§ Work to be completed
Each line from the one with "GOOJODOQ Keyboard Case" through the end of the records below should be transcribed exactly, and each picture should be skipped.

-------

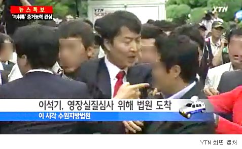 내란음모 혐의로 구속 위기에 놓인 이석기 통합진보당 의원이 5일 구속영장 실질심사를 받기 위해 수원지법에 도착한 뒤 심문실로 들어서는 과정에서 국정원 직원들과 몸싸움을 벌였다. 이 의원의 모습을 실시간으로 지켜본 네티즌들은 트위터와 커뮤니티 등에서 이 의원을 겨냥해 비난의 목소리를 높였다.
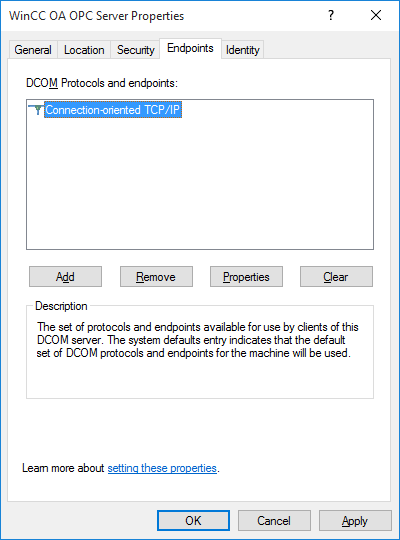 Change to the Endpoints tab. If the Connection-oriented TCP/IP entry is not displayed in the DCOM Protocols and endpoints field, you have to add it as follows:
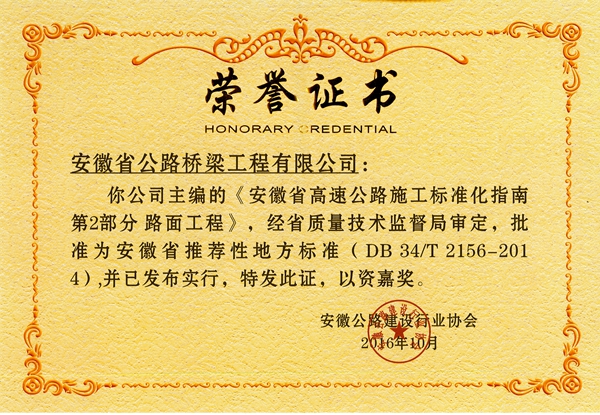 會上,省交通廳對在系列指南編寫工作中作出貢獻的單位和個人給予了表彰并頒發榮譽證書。公司主編的 《安徽省高速公路施工標準化指南 第2部分路面工程》(DB 34/T 2156-2014)獲得表彰,并經省質量技術監督局審定批準為安徽省推薦性地方標準,發布實行。
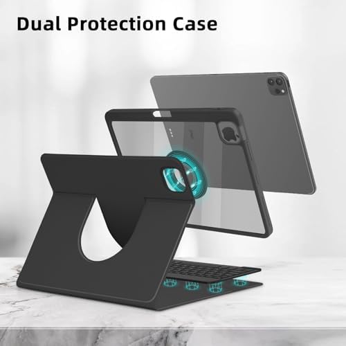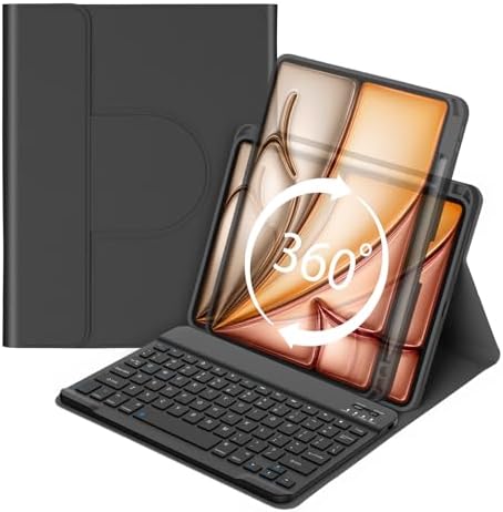 GOOJODOQ Keyboard Case for iPad Air 11 inch 2024 M2 & iPad Pro 11" 4/3/2/1,iPad Air 5th/4th 10.9" Case with Keyboard,360 Rotating Case and Magnetic Detachable Keyboard Portrait/Landscape Modes-Black
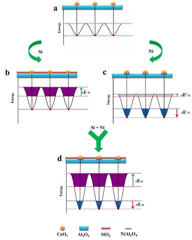 Nano-catalysts usually have higher catalytic activity than traditional bulk catalysts. And it is widely acknowledged that the smaller the particle size of the active component is, the higher the activity would be. However, the active component with small size tends to agglomerate or further grow into large particles. Many reaction processes, such as hydrocarbon cracking and combustion, methane dry/wet reforming and automobile exhaust gas purification, have to be operated at very high temperatures, it will lead to the decreasing of activity and product selectivity due to sintering at high temperatures, ultimately limits the practical application of nano-catalysts. Many researchers believe that the sintering of nanoparticles involves two processes: one is the ripening process, single atom or molecular species move from one particle to another; the other is the migration process, whole particles grow into large particles after migration and aggregation. Because the ripening process can hardly be avoided at high temperature, the current strategy to improve the stability of nano-catalysts is to inhibit the migration of nanoparticles on the basis of “confinement effect” or to construct a “migration barrier”.
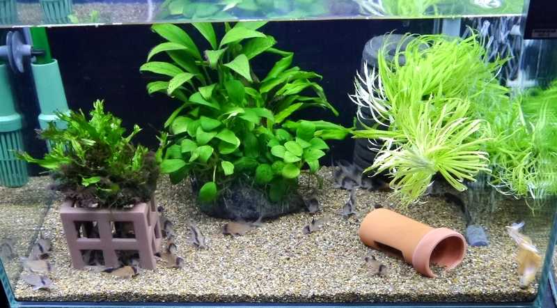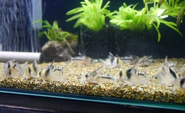 掃除の後に水槽の前面にコリが集まったので
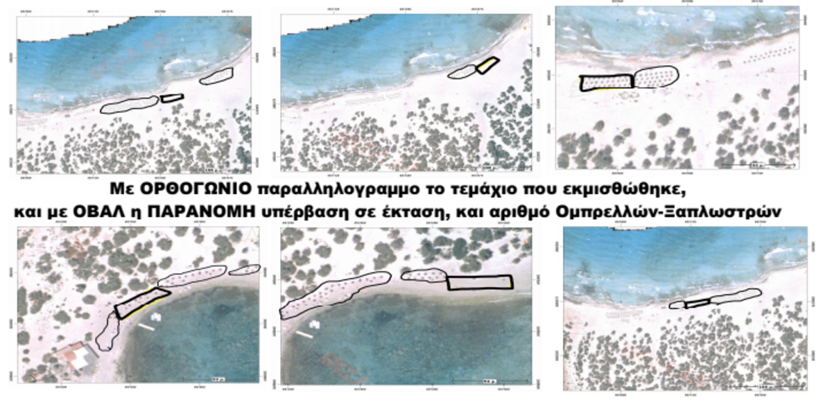 Με ΟΡΘΟΓΩΝΙΟ παραλληλογραµµο το τεµάχιο που εκµισθώθηκε, και µε ΟΒΑΛ η ΠΑΡΑΝΟΜΗ υπέρβαση σε έκταση, και αριθµό Οµπρελλών-Ξαπλωστρών

-------

§ Exercise answer
 GOOJODOQ Keyboard Case for iPad Air 11 inch 2024 M2 & iPad Pro 11" 4/3/2/1,iPad Air 5th/4th 10.9" Case with Keyboard,360 Rotating Case and Magnetic Detachable Keyboard Portrait/Landscape Modes-Black
 Nano-catalysts usually have higher catalytic activity than traditional bulk catalysts. And it is widely acknowledged that the smaller the particle size of the active component is, the higher the activity would be. However, the active component with small size tends to agglomerate or further grow into large particles. Many reaction processes, such as hydrocarbon cracking and combustion, methane dry/wet reforming and automobile exhaust gas purification, have to be operated at very high temperatures, it will lead to the decreasing of activity and product selectivity due to sintering at high temperatures, ultimately limits the practical application of nano-catalysts. Many researchers believe that the sintering of nanoparticles involves two processes: one is the ripening process, single atom or molecular species move from one particle to another; the other is the migration process, whole particles grow into large particles after migration and aggregation. Because the ripening process can hardly be avoided at high temperature, the current strategy to improve the stability of nano-catalysts is to inhibit the migration of nanoparticles on the basis of “confinement effect” or to construct a “migration barrier”.
 掃除の後に水槽の前面にコリが集まったので
 Με ΟΡΘΟΓΩΝΙΟ παραλληλογραµµο το τεµάχιο που εκµισθώθηκε, και µε ΟΒΑΛ η ΠΑΡΑΝΟΜΗ υπέρβαση σε έκταση, και αριθµό Οµπρελλών-Ξαπλωστρών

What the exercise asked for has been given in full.